▶ [EXERCISE DATA]:
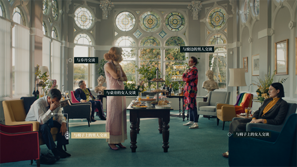 然后你就会来到宴会大厅你可以与他们逐个对话,根据他们口中的线索进行整合从而进一步展开行动
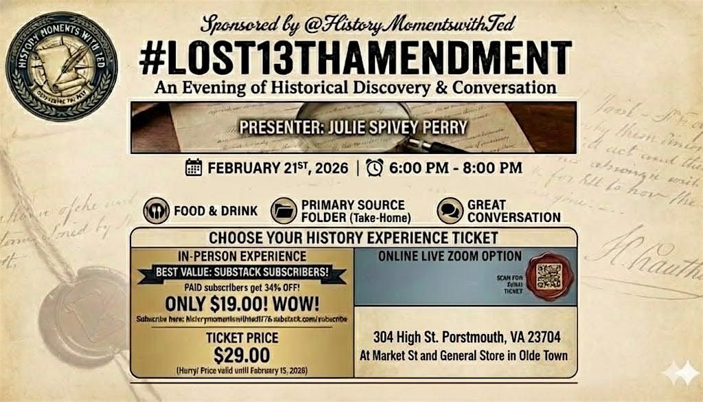 Join us in person for an eye-opening dive into the mysterious tale of the Lost 13th Amendment. This event promises a mix of fascinating history, lively discussion, and fresh perspectives on a piece of America's past that often gets overlooked. Don't miss your chance to explore and chat about this intriguing story with fellow history buffs!
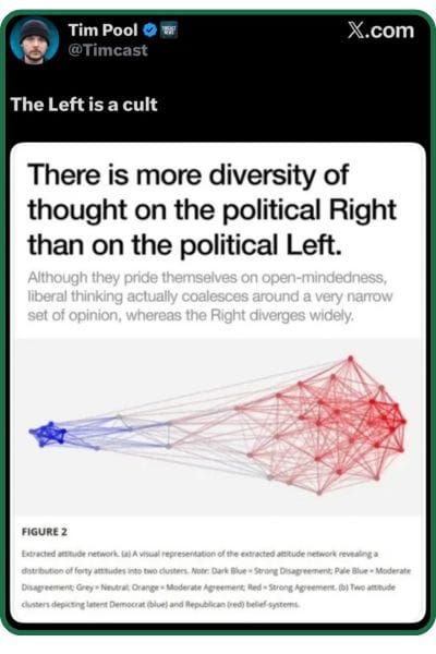 However, if you've been on social media recently, you may have seen a variation of a figure floating around that seems to insinuate that. Below is one such example: a network of nodes where the "blue" ones are tightly bound together while the "red" ones are much more spread out. This is typically followed by minimal context and a dramatized caption about how those on the left are close-minded and have a narrow set of extreme attitudes despite the openness they preach. This particular version was shared by conservative political commentator Tim Pool and viewed 2.1 million times.

▶ [YOUR TASK]:
Because the copy must hold no pictures, return only the lines that run from the line containing "Join us in person" to the end of the data above, each exactly as it stands.

▶ [TASK OUTPUT]:
 Join us in person for an eye-opening dive into the mysterious tale of the Lost 13th Amendment. This event promises a mix of fascinating history, lively discussion, and fresh perspectives on a piece of America's past that often gets overlooked. Don't miss your chance to explore and chat about this intriguing story with fellow history buffs!
 However, if you've been on social media recently, you may have seen a variation of a figure floating around that seems to insinuate that. Below is one such example: a network of nodes where the "blue" ones are tightly bound together while the "red" ones are much more spread out. This is typically followed by minimal context and a dramatized caption about how those on the left are close-minded and have a narrow set of extreme attitudes despite the openness they preach. This particular version was shared by conservative political commentator Tim Pool and viewed 2.1 million times.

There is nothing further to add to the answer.